For some properties that need to appear in all events, you can call the set_super_propertiesto set the public event properties. We recommend that you set the public event properties before sending the event.

# Set Common Event Properties
super_properties = {
    "server_version":"1.2.3",
    "server_name":"A1001"
}
ta.set_super_properties(super_properties)

distinct_id = "ABCDEF123456"
account_id = "TA10001"
properties = {
    "Product_Name":"Product A",
    "Price":60
}

# Upload an event with the attributes of a common event and the event itself
try:
    ta.track(distinct_id,account_id,"Payment",properties)
except Exception as e:
    #handle exception
    print(e)
'''
Equivalent to performing the following operations
properties = {
    "server_version":"1.2.3",
    "server_name":"A1001",
    "Product_Name":"Product name A",
    "Price":60

try:
    ta.track(distinct_id,account_id,"Payment",properties)
except Exception as e:
    #handle exception
    print(e)
'''

The public event attribute is also a dictobject, where each element represents an attribute.
The value of Key is the name of the attribute, which is of type str. It is stipulated that it can only start with a letter, contain numbers, letters and underscore "_", and is up to 50 characters in length. It is not sensitive to case of letters.
Support str, int, float, bool, datetime.datetime, datetime.date, list

If you call set_super_propertiesset a previously set public event property, the previous property value is overwritten. If the public event property and the Key of a property in the trackupload event duplicate, the property of the event overrides the public event property:

super_properties = {
    "server_version":"1.2.3",
    "server_name":"A1001"
}
ta.set_super_properties(super_properties)

super_properties = {"server_name":"B9999"}

ta.set_super_properties(super_properties)
# At this point the value of "server" becomes "B9999"

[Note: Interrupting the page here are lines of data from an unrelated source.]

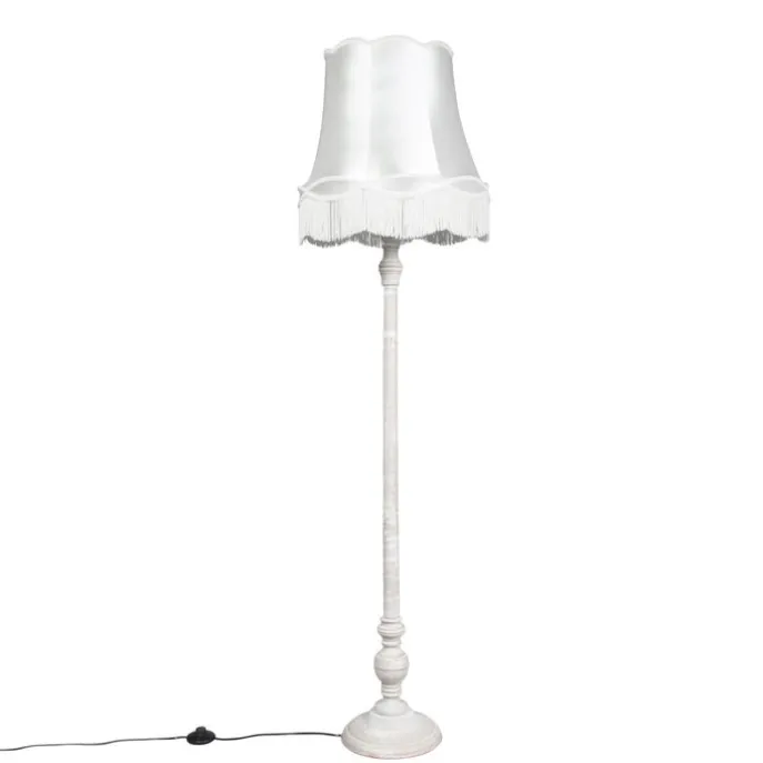 Vloerlamp grijs met Granny kap crème – Classico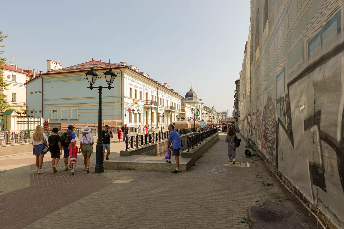 Я дважды бывал в столице Татарстана и хочу поделиться впечатлениями. Конечно, Казань один из самых благоустроенных городов России (наряду с Москвой и Питером), но нет пределах совершенству. Сегодня расскажу о главных недостатках, которые в Казани следует искоренить, чтобы город стал еще более привлекательным для туристов. 1). Рано темнеет. Казань находится в московском часовом поясе, между тем расположена на 800 километров восточнее. Например, 5 августа, когда я пишу эту статью, в Москве солнце заходит в 20:30, а в Казани в 19:44. При этом, в 500 километрах от столицы Татарстана расположена Уфа, которая живет даже не Москва +1 час, а Москва +2 часа. И там солнце зайдет аж в 21:12. 2). Руины. К сожалению, в Казани, как и в Москве, множество полузаброшенных зданий. Вот это - улица Баумана, главная пешеходная улица Казани, ее визитная карточка. Справа попали ужасные развалины домов 32 и 34, уже долгие годы завешенные строительной сеткой. И таких примеров множество. Например, Настоятельски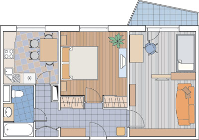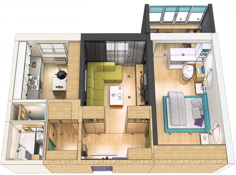 Un deux pièces ne peut pas se vanter d'avoir assez d'espace libre pour lui permettre de créer plusieurs zones ici. C'est pourquoi il est nécessaire de réaliser un zonage de qualité et réfléchi afin de mettre en évidence des zones séparées pour diverses activités. La division de la pièce en secteurs fonctionnels créera, par exemple, une zone isolée pour les enfants dans laquelle les enfants peuvent jouer et ne pas interférer avec les adultes qui font leur propre truc. Bien sûr, il est préférable que les enfants aient un espace séparé, car ils ont leur propre régime spécial et leur propre routine quotidienne, et ils ont également besoin d'un espace isolé pour bien dormir et jouer sans interférence.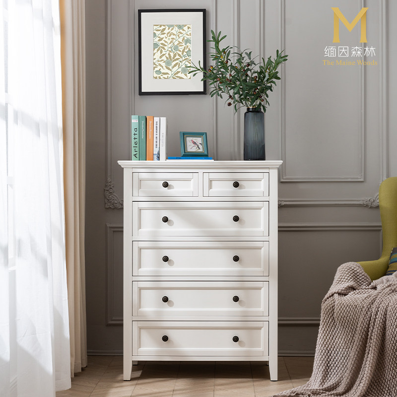 纯实木六斗柜储物柜美式抽屉柜客厅纯实木卧室简约白蜡木五斗柜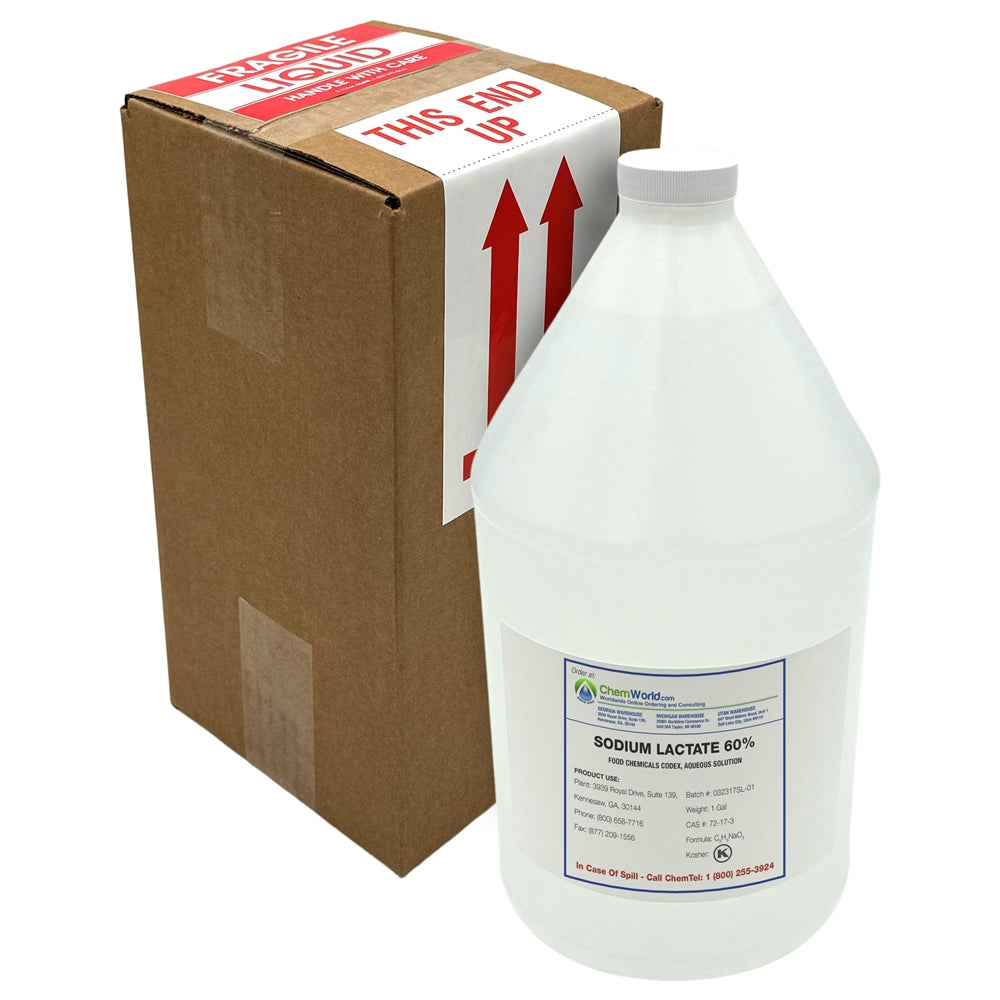 ChemWorld is a stocking distributor of 1 gallon containers of 60% Sodium Lactate. This container is technical grade.|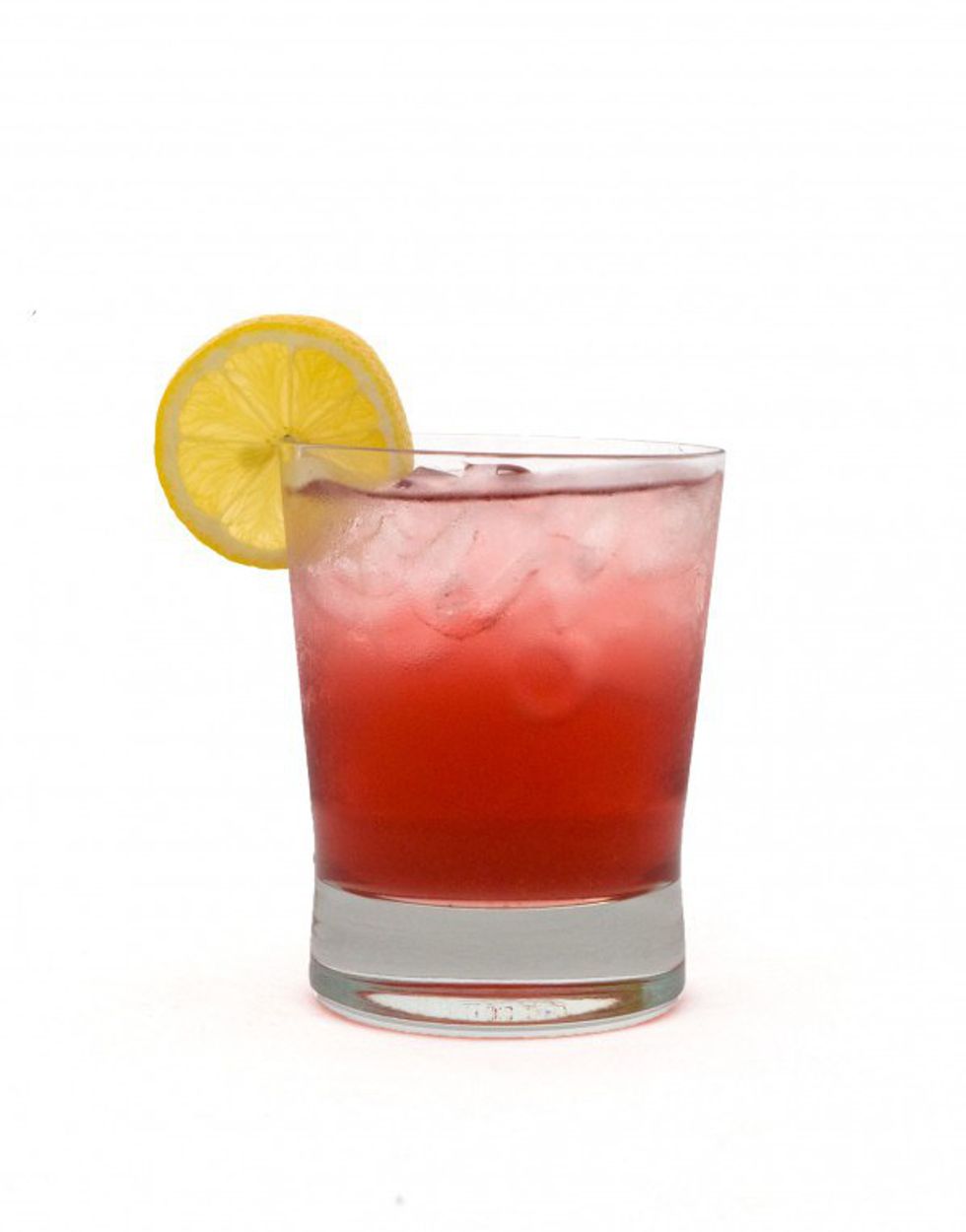 Combine all ingredients in cocktail glass over ice. Stir, garnish with a lemon wheel and serve. Don't feel emasculated just because it's pink.

distinct_id = "ABCDEF123456"
account_id = "TA10001"
properties = {
    # cover "server_version"
    "server_version":"1.3.4",
    "Product_Name":"Product name A",
    "Price":60
}

# Upload the event when the value of "server_version" is "1.3.4" and the value of "server_name" is "B9999"
try:
    ta.track(distinct_id,account_id,"Payment",properties)
except Exception as e:
    #handle exception
    print(e)

If you want to empty all public event properties, you can call clear_super_properties.

# III. User Attributes

TA platform currently supports the user feature interface is user_set, user_setOnce, user_add, user_unset, user_append, user_del.

# 3.1 user_set

For general user feature, you can call user_setto set it. The attributes uploaded using this interface will overwrite the original attribute values. If the user feature does not exist before, the new user feature will be created. The type is the same as the type of the incoming attribute:

properties = {"user_name":"ABC"}
# Upload user property and the value "user_name" is "ABC"
try:
    ta.user_set(account_id = account_id, distinct_id = distinct_id, properties = properties)
    properties = {"user_name":"XYZ"}
    # Upload the user property again, and the value of "user_name" will be overwritten with "XYZ"
    ta.user_set(account_id = account_id, distinct_id = distinct_id, properties = properties)
except Exception as e:
    #handle exception
    print(e)

user_setThe set user feature is a dictobject where each element represents an attribute.
The value of Key is the name of the attribute, which is of type str. It is stipulated that it can only start with a letter, contain numbers, letters and underscore "_", and is up to 50 characters in length. It is not sensitive to case of letters.
Support str, int, float, bool, datetime.datetime, datetime.date, list

# 3.2 user_setOnce

If the user feature you want to upload only needs to be set once, you can call user_setOnceto set it. When the attribute already has a value before, this information will be ignored:

properties = {"user_name":"ABC"}
# Upload user property and the value "user_name" is "ABC"
try:
    ta.user_setOnce(account_id = account_id, distinct_id = distinct_id, properties = properties)
except Exception as e:
    #handle exception
    print(e)
properties = {
    "user_name":"XYZ",
    "user_age":18
    }
# Upload the user property again, when the value "user_name" already exists, so it is still "ABC" without modification; The value of "user_age" is 18
try:
    ta.user_setOnce(account_id = account_id, distinct_id = distinct_id, properties = properties)
except Exception as e:
    #handle exception
    print(e)

user_setOnceThe user feature type and restrictions set are consistent with user_set.

# 3.3 user_add

When you want to upload a numeric attribute, you can call user_addto accumulate the attribute. If the attribute has not been set, a value of 0 will be assigned before calculation. Negative values can be passed in, which is equivalent to subtraction operations.

properties = {
    "total_revenue":30,
    "vip_level":1
}
# Upload user attributes with total_revenue value of 30 and vip_level value of 1
ta.user_add(account_id = account_id, distinct_id = distinct_id, properties = properties)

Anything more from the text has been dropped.